A novel approach of mining write-prints for authorship attribution in email forensics: A paper by the research team points out the following reasons why email is particularly vulnerable to misuse:

  • An email can be spoofed and the meta data contained in its header about the sender and the message path can be forged.
  • Email messages can be routed through anonymous email servers to hide information about its origin.
  • Email systems are capable of transporting executables, hyperlinks, trojan horses, and scripts.
  • The Internet including email services is accessible through public places, such as net cafes and libraries, which further complicate anonymity issues.

Okay, we know what the problem is and how it happens. Putting on our Criminal Minds hat, let’s look at what’s needed to remove the anonymity.

Electronic fingerprint

In physical forensics, an individual can be identified using finger prints.

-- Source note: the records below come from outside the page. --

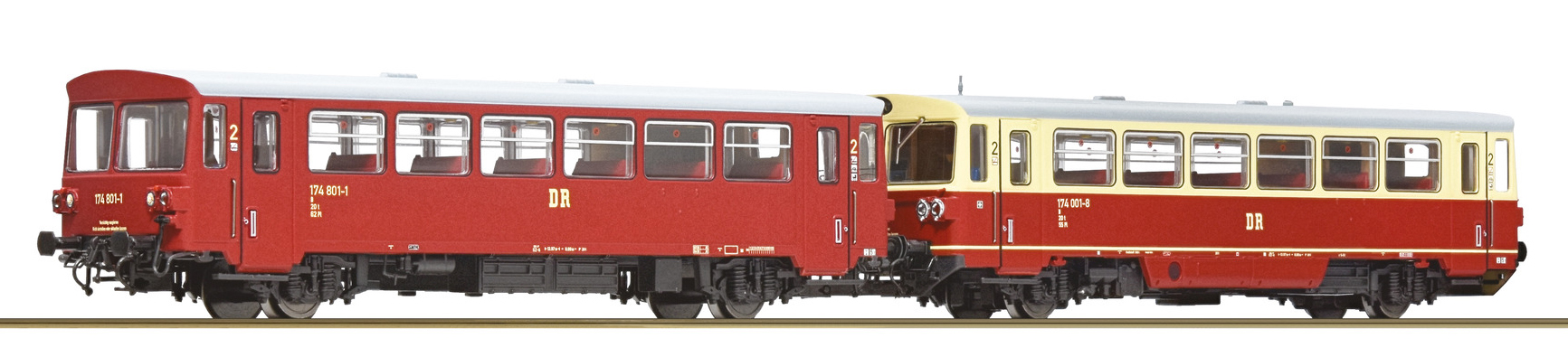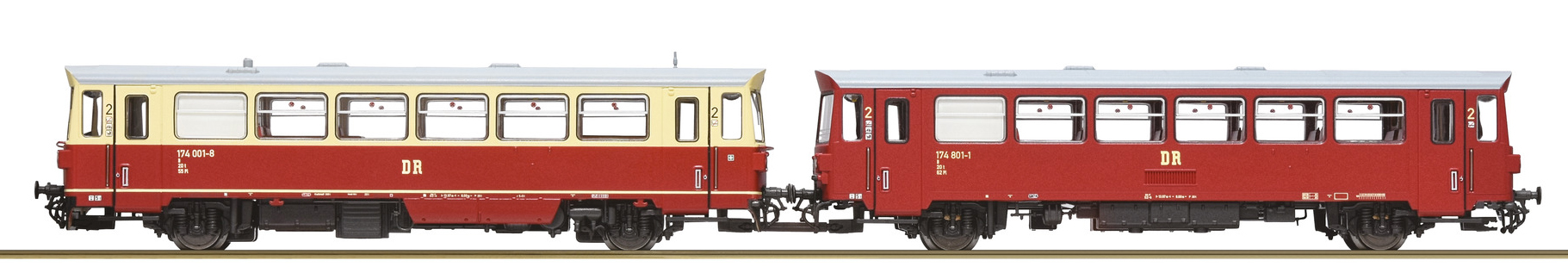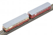 motorový vůz v barvě červený-slonová kost s šedou střechou s přípojným vozem v červené barvě s šedou střechou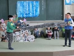 2年生は、英語劇「スイミー」です。英語の発音、アクセント、イントネーションともに2年生とは思えない出来映えでした。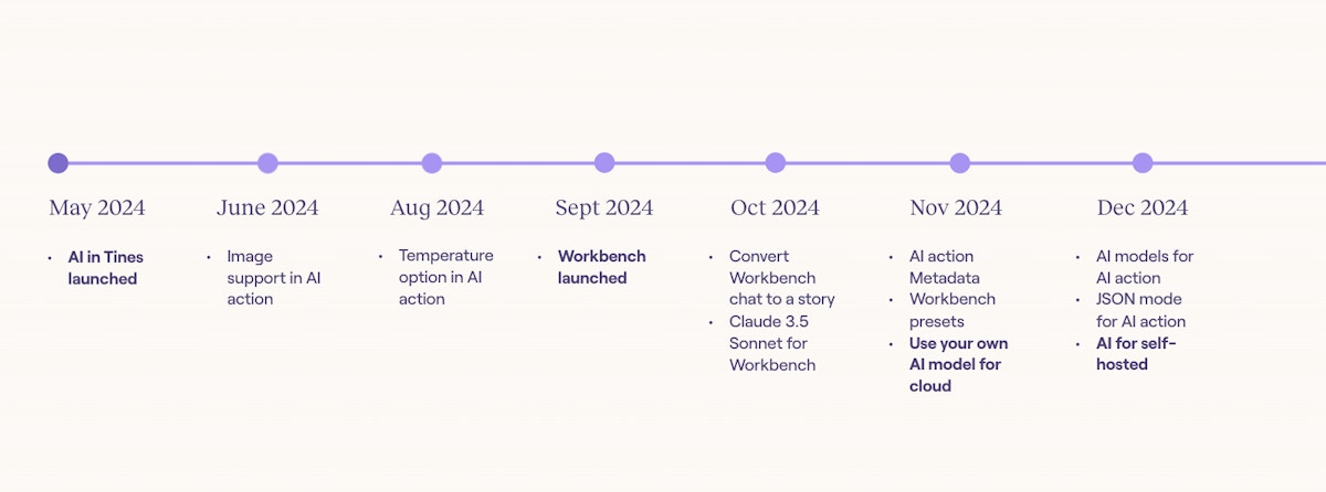 Since the introduction of AI in Tines in May 2024, we’ve continued to evolve the capabilities of our AI features and even introduced our Tines-powered chat interface Workbench. Our goal has been to reduce barriers to building, running, and monitoring your more important workflows through secure, private AI.
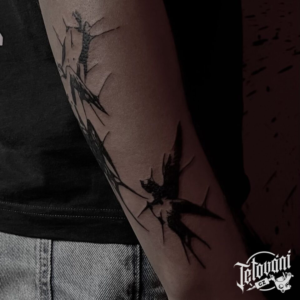 Tetování zvíře vlaštovka na předloktí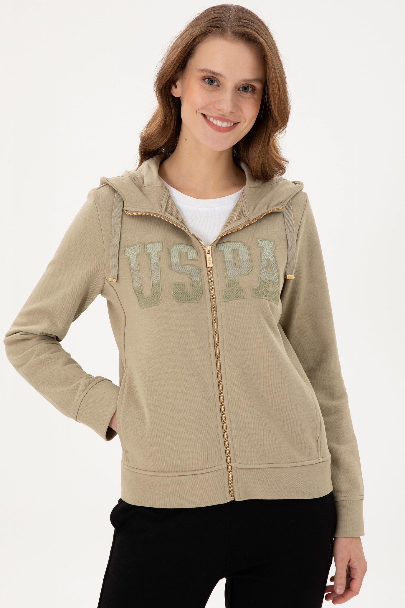 هودی زنانه خاکی روشن یو اس پولو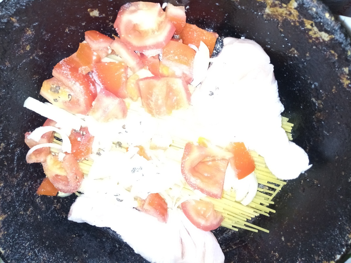 Паста в одной сковороде с небольшим бюджетом. Возможно ли это? Конечно да! И сегодня я расскажу как провернуть этот фокус. Ингредиенты: Спагетти - 150г Две куриных ножки Томат - 1 шт лук - 1 шт Чеснок - 1шт. Перец подавленный - 8 горошин. Щепоть соли. Готовка ! 1.В сковороду закладываем спагетти. 2. томатный помидор нарезанный абы как тоже отправляется в пекло. 3 лук режем тонкими полукольцами, если нарежьте тонко, то даже не заметите варёный лук. 4 чеснок так же режем и отправляем 5. Выкидывает подавленный чеснок и щепоть соли. 6 голень предварительно порезать чтобы полностью сварилось. 7 заливаем водой чтобы покрывало спагетти + 2 см и варим 25 мин иногда помешивая. А вот и результат. Спасибо большое за просмотр
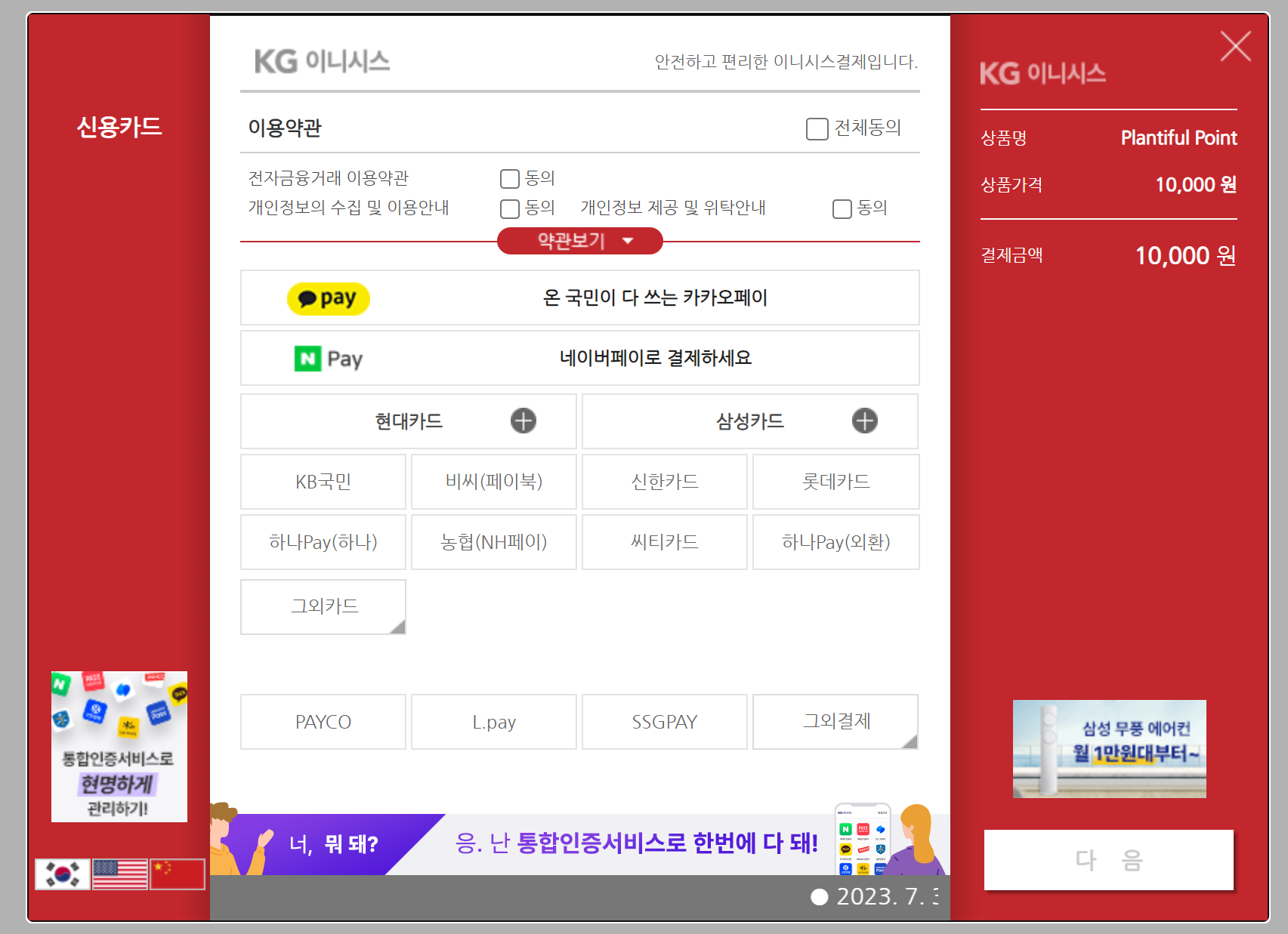 | [Rest Api] 아임포트를 이용한 KG이니시스 결제 구현하기 (feat. vue.js) - (2) (1) | 2023.07.16 |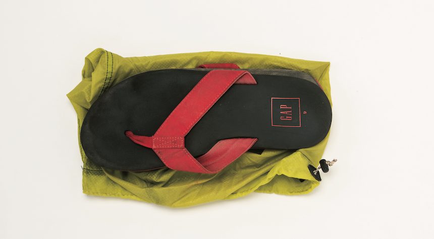 ▲サンダルはトップリッドとバックパック本体の間に収納。休憩時やハンモックで寝るときに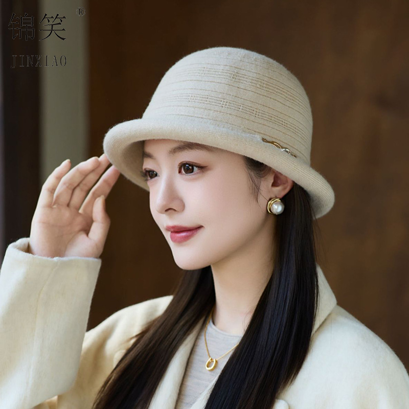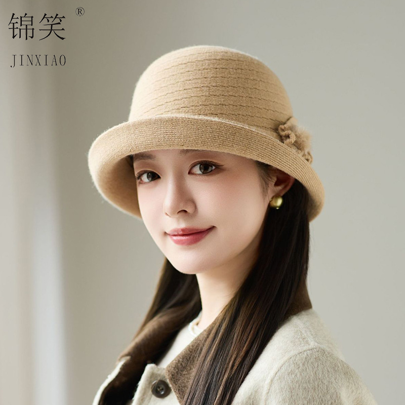 2025秋冬针织盆帽女士新款羊绒优雅礼帽韩版时尚简约保暖妈妈帽子

In the case of anonymous email, the researchers use authorship attribution to create a “write-print” of the individual (unsub) under investigation. Aspects of the writing looked at are:

  • Vocabulary richness
  • Length of sentence
  • Use of function words
  • Layout of paragraphs

Something I did not realize: Stylometry has advanced to a point where software applications are available. Signature is an example.

New methodology

Drs. Fung and Debbabi are taking authorship attribution a step further. They are adding digital techniques used in speech recognition and data-mining processes to the mix. Doing so allows the research team to identify unique, yet reoccurring patterns in email.

Dr. Fung explains:

Let’s say the anonymous email contains typos, grammatical mistakes, or is written entirely in lowercase letters. We use those special characteristics to create a write-print.

Using this method, we can determine with a high degree of accuracy, who wrote a given email and infer the gender, nationality, and education level of the author.

The following slide and quote from the professors gives us an idea how the process works (courtesy of Elsevier):

We first extract the set of frequent patterns independently from the e-mails E1 written by suspect S1. Though the set of frequent patterns captures the writing style of a suspect S1, it is inappropriate to use all the frequent patterns to form the write-print of a suspect S1 because other suspects, say S2 or S3, may share some common writing patterns with S1.

Therefore, it is crucial to filter out the common frequent patterns and identify the unique patterns that can differentiate the writing style of a suspect from that of others. These unique patterns form the write-print of a suspect.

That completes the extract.